Branching part peripheral wall, 18... Communication hole, 19... O ₂ sensor mounting hole, 20... Exhaust gas extraction hole, 21...
Secondary air introduction hole, 22... Upper flange, 23...
...Bolt hole, 24...Bolt, 25...Lower flange, 26...Boss, 27...Bolt, 28...
...stay, 29...upper, 30...lower, 31...
…bolt.

Claims (1)

[Scope of utility model registration request] The upstream end of the exhaust passage communicates with the exhaust port of the in-line four-cylinder engine, and the No. 2 and No. 3 exhaust passages are adjacent and independent from the upstream side to the downstream side, and their downstream ends converge. , a 4-cylinder engine in which the downstream ends of the No. 4 exhaust passages are integrally formed so that they converge and overlap along a plane perpendicular to the arrangement direction of the No. 2 and No. 3 exhaust passages.
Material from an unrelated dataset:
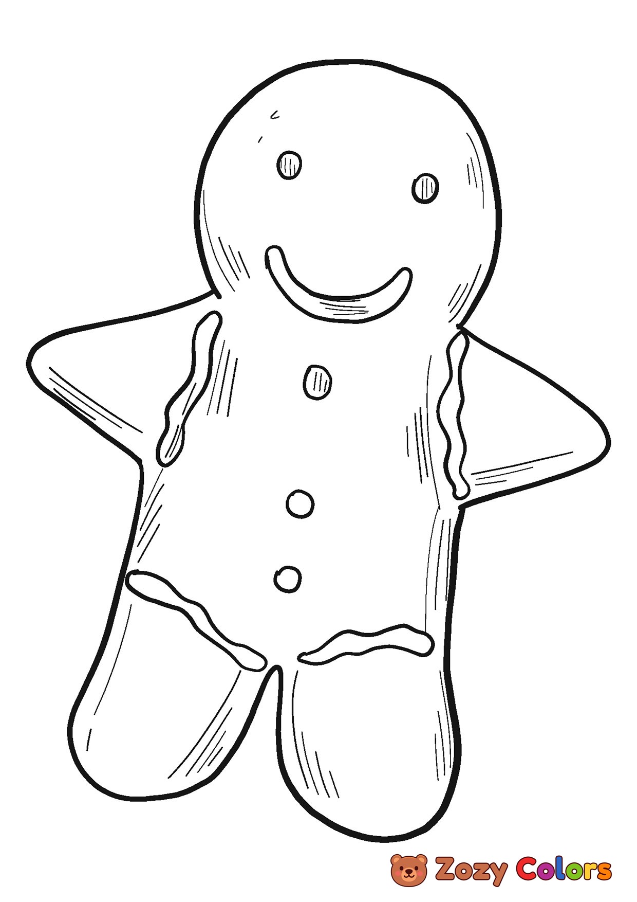 Gingerbread man smiling. Coloring page to print or download and color for your kids.

In the exhaust manifold, the partition wall that partitions the No. 2 and No. 3 exhaust passages is provided with an elongated communication hole in the longitudinal direction of the passage that communicates the upstream portions of the two passages with each other, and the communication hole is located downstream of the communication hole. So, number 1 above,
The exhaust gas component concentration detection sensor mounting hole is provided so as to face two exhaust passages: one of the No. 4 exhaust passages and one of the No. 2 and No. 3 exhaust passages adjacent thereto. Exhaust manifold for a multi-cylinder engine.